= Ashanti Protectorate =

Ashanti Protectorate is alleged to have been established in 1902 from the Ashanti Confederacy, now Ashanti Region. There are multiple references to an "Ashanti Protectorate" in writings. However, so far no legal instrument has been identified that establishes this. This is because, in fact, the territory in question was established as a Crown Colony on 1 January 1902. A Crown Colony is not a Protectorate. They are two different things. After several prior wars with British troops, Ashanti was once again occupied by British troops in January 1896. In 1900 the Ashanti Uprising took place. The British suppressed the violence and captured the city of Kumasi. Ashanti's traditional king, the Asanthene, and his counselors were deported. The outcome was the annexation of Ashanti by the British so that it became part of His Majesty's dominions and a British Crown Colony with its administration undertaken by a Chief Commissioner under the authority of the Governor of the Gold Coast. Ashanti was classed as a colony by conquest. The legislation by which this annexation was effected and the administration constituted was the Ashanti Order in Council 1901 made on 26 September 1901.

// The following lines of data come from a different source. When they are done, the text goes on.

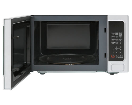 Khoang lò vi sóng bằng thép không gỉ, cửa lò bằng kính chịu nhiệt bóng sáng, độ bền cao, ít bám bẩn, dễ làm sạch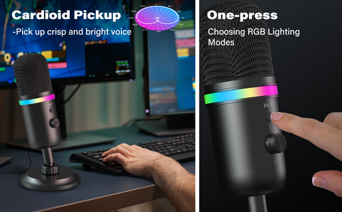 • BRILLIANT AND CONTROLLABLE RGB LIGHTING: The gaming microphone has 12 personalized RGB lighting modes which can be selected with a press of a button. The soft and coordinated light effects will make your video gaming or live streaming more eye-catching and fascinating. You can also choose to turn off the lighting effect!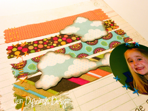 Paper: Basic Grey; Paper for Frames: Basic Grey; Fabric: Hobby Lobby; Fringe & Canvas Tag: Canvas Corp.; Embroidery Floss: Iris; Ribbon: American Crafts; Clouds: My Mind’s Eye Paper with distressed ink; Ink: Ranger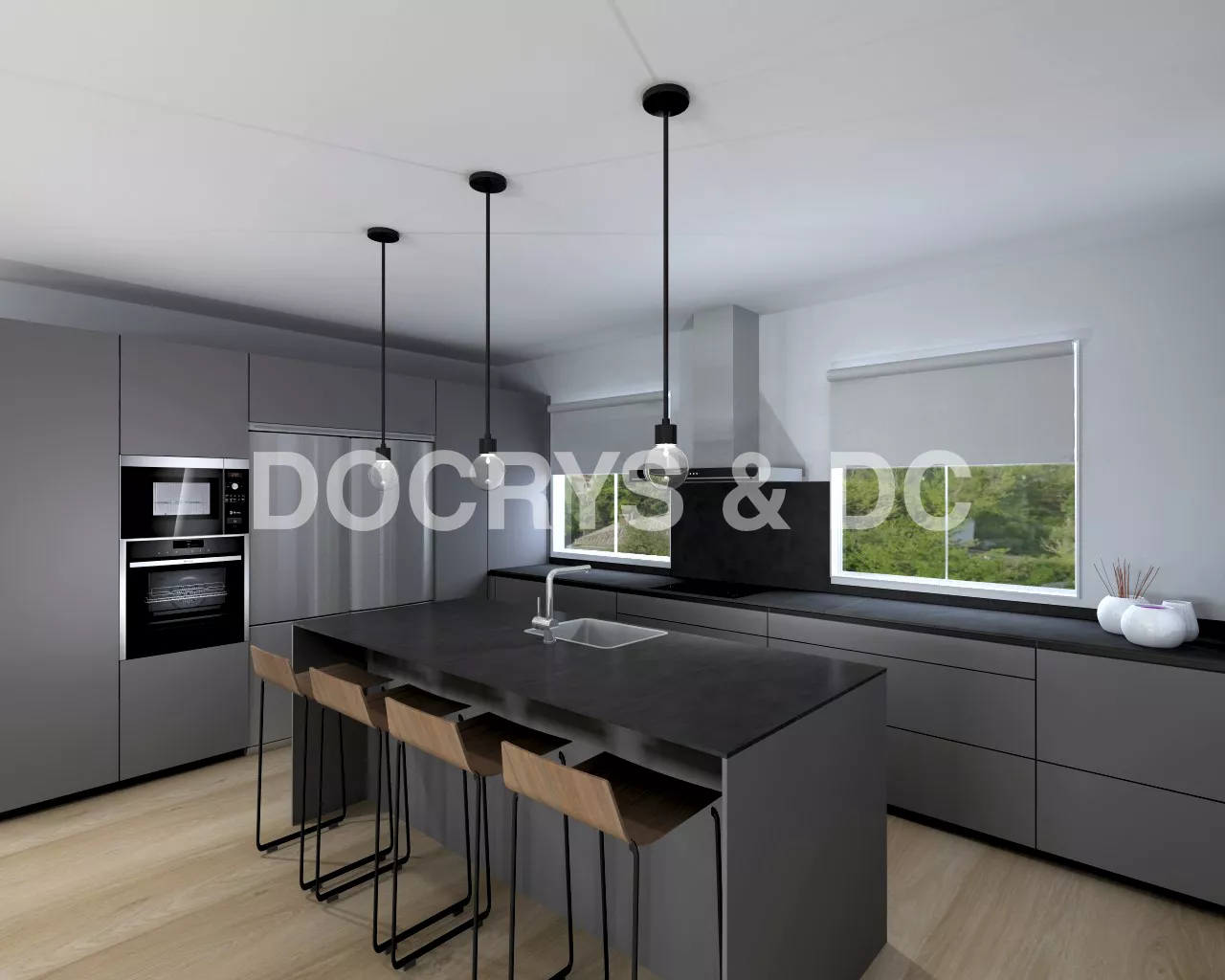 Cocina Santos: plataforma A, apertura mecanizada. Laminado antihuellas Gris Bromo Seda.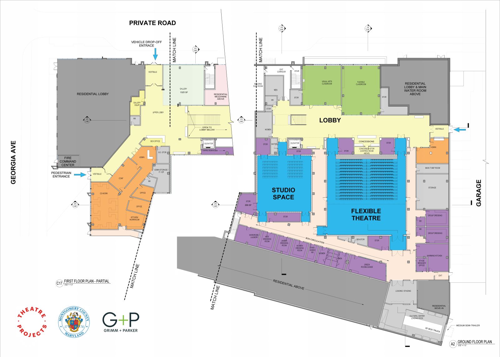 The County is co-locating a new arts and cultural center with an affordable housing development by Montgomery Housing Partnership (MHP) in the Wheaton Arts and Entertainment District. MHP will develop the former WMATA site with affordable rental and for sale housing units, as well as a parking garage. The arts center will be included on the ground floor of the multifamily building fronting on Georgia Avenue. The center will include two performance spaces, classrooms, gallery space, back of house support space, and administrative offices. More information about the arts center and the accompanying housing project will be posted to this webpage as it becomes available.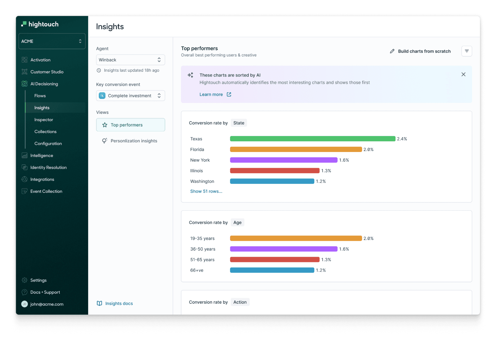 Next, Hightouch’s AI agents autonomously test different combinations of content, channels, and timing to begin optimizing each customer’s journey. Through reinforcement learning, the platform continuously refines its decisions based on customer feedback—whether positive or negative. You can clearly see why the AI made each decision, along with insights drawn from meaningful patterns in how customers engage with your campaigns.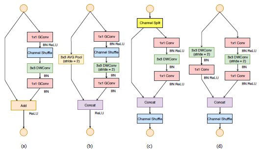(a), (b)는 기존 ShuffleNet 유닛, (c), (d)는 ShuffleNet V2 유닛입니다. (b)와 (d)는 입력 사이즈를 절반으로 줄일 때 사용되는 유닛이며 DWConv 는 depthwise convolution, GConv는 group convolution입니다. ShuffleNet V2의 차이점을 뭘까요?
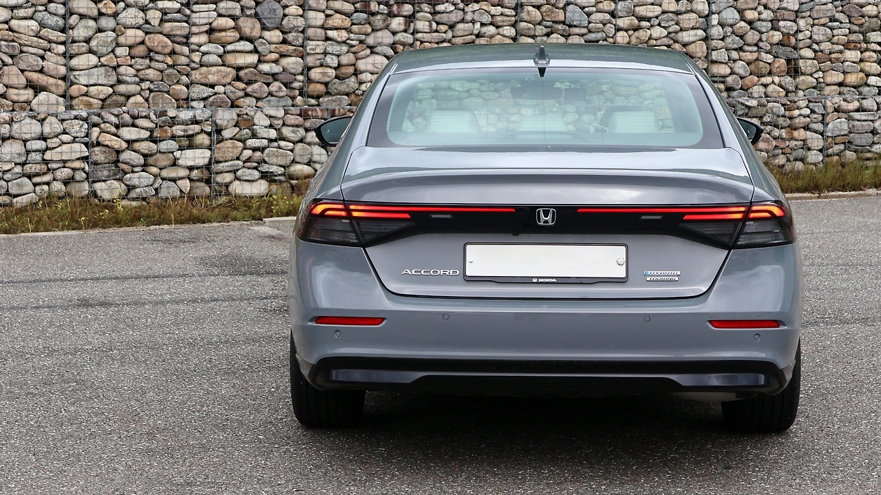 그렇듯 디자인의 지향성이 명확하다 보니 별다른 특징이 없음에도 세련미가 느껴지고는 한다. 정확히는 미니멀한 스타일링 기법 자체가 어코드만의 개성이 되어 준다. 한때 디자인 요소의 과잉을 리드했던 일본 브랜드인 만큼, 성격의 차이는 더욱 분명하게 느껴졌다. 어코드는 항상 경쟁 모델에 비해 전장이 긴 편이었는데, 현행 모델도 마찬가지다. 그만큼 비율적으로도 자유로운 모습이다. 길게 뻗어있는 보닛과 유연한 루프라인이 역동적인 프로필을 구현하며, 특히 리어 오버행이 긴 편이라 공격적인 스탠스가 느껴지게 된다.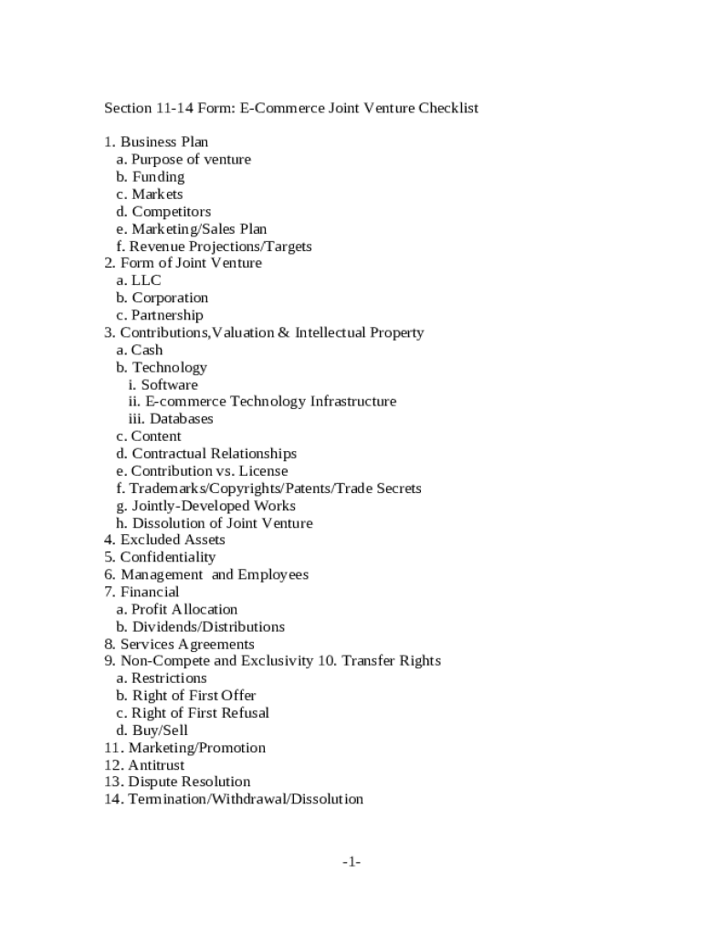 This is a model contract form for use in business settings, an E-Commerce Joint Venture Checklist. Available for download in Word format.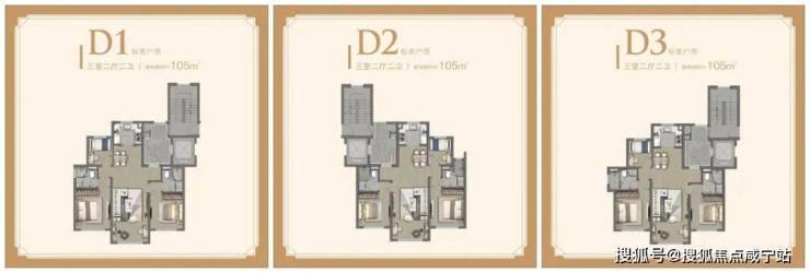建面约105㎡3房,3个户型都做到了“双南套房”, 三开间朝南+飞机户型+LDKG一体化,空间感十足。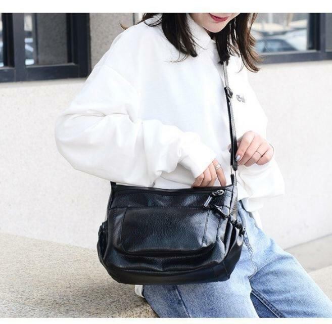 ショルダーバッグ クラッチバッグ レザー 黒 シンプル 大容量 ②
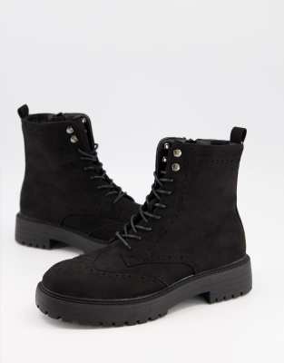Schuh – Anabelle – Czarne sznurowane botki w stylu brogsów z imitacji zamszu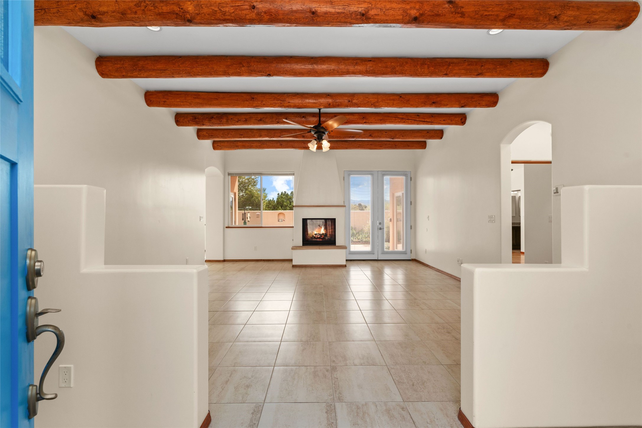 Kachina Ridge 3-bedroom, 2-bathroom residence, crafted by Master Green Builder Arch Sproul, showcases numerous custom upgrades and green features, making it an eco-friendly choice for the modern homeowner. Wide doorways, nichos, and porcelain tile and hardwood hickory floors throughout. The solid knotty pine doors add a touch of rustic charm, while the enlarged living room with log vigas and a gas fireplace with a flagstone hearth, invites you to unwind in style. The bright, east-facing kitchen is appointed with a center island, solid maple cabinets finished in natural tones, Silestone quartz countertops and Energy Star Appliances. The primary suite includes a walk-in closet and en-suite bath with soaking tub and walk-in shower. The two guest bedrooms offer versatile options, whether you need a studio, office, or additional space for visitors. Plus, a bonus room awaits your creativity--perfect for exercise or artistic endeavors. Step outside to the expansive back portal featuring a tongue and groove ceiling, where you can enjoy al fresco dining. The front and backyard gardens are thoughtfully designed with low-water perennials and buried irrigation lines. Enlarged, fully finished garage with 10-foot ceiling and overhead storage. Equipped with 30 photovoltaic panels installed by Positive Energy, you can enjoy lower energy costs while reducing your carbon footprint. The Kachina Ridge Subdivision homes are located adjacent to a greenbelt with no through streets. Convenient city location close to shopping, restaurants and the Santa Fe Plaza.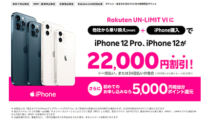 初めてRakuten UN-LIMITに申し込み、期間内に「Rakuten Link」による発信で10秒以上通話すると、楽天ポイント(期間限定ポイント)で5000ポイントプレゼントする「初めてお申し込みでだれでも5,000円相当分ポイント還元」を実施中。さらに、端末購入と回線契約を同時または同日(48回払いのみ)に行い、一括払い・24回分割払いの場合は決済時に2万2000円割り引き、48回払いのiPhone アップグレードプログラム加入時も2万円相当をポイント還元する「他社から乗り換え(MNP)でiPhone割引キャンペーン」を実施している。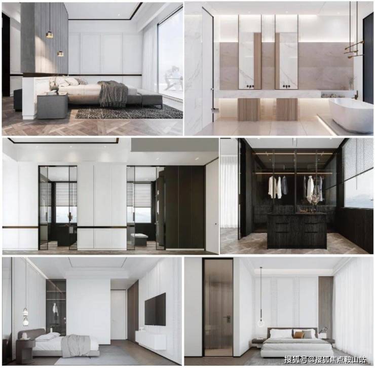 约85㎡及83㎡五件套双主卧套房,24㎡及18㎡男女独立衣帽间,12㎡干湿分离独立卫浴+观海浴 缸,内设约10㎡私密书房,外接瞰海空中花园,阳光、海景悦享极致旅居生活。

The Ashanti lost their sovereignty but not the essential integrity of their socio-political system. In 1935, limited self-determination for the Ashanti was officially regularized in the formal establishment of the Ashanti Confederacy. Ashanti continued to be administered with the greater Gold Coast but remained, nonetheless, a separate Crown Colony until it became united as part of the new dominion named Ghana under the Ghana Independence Act 1957.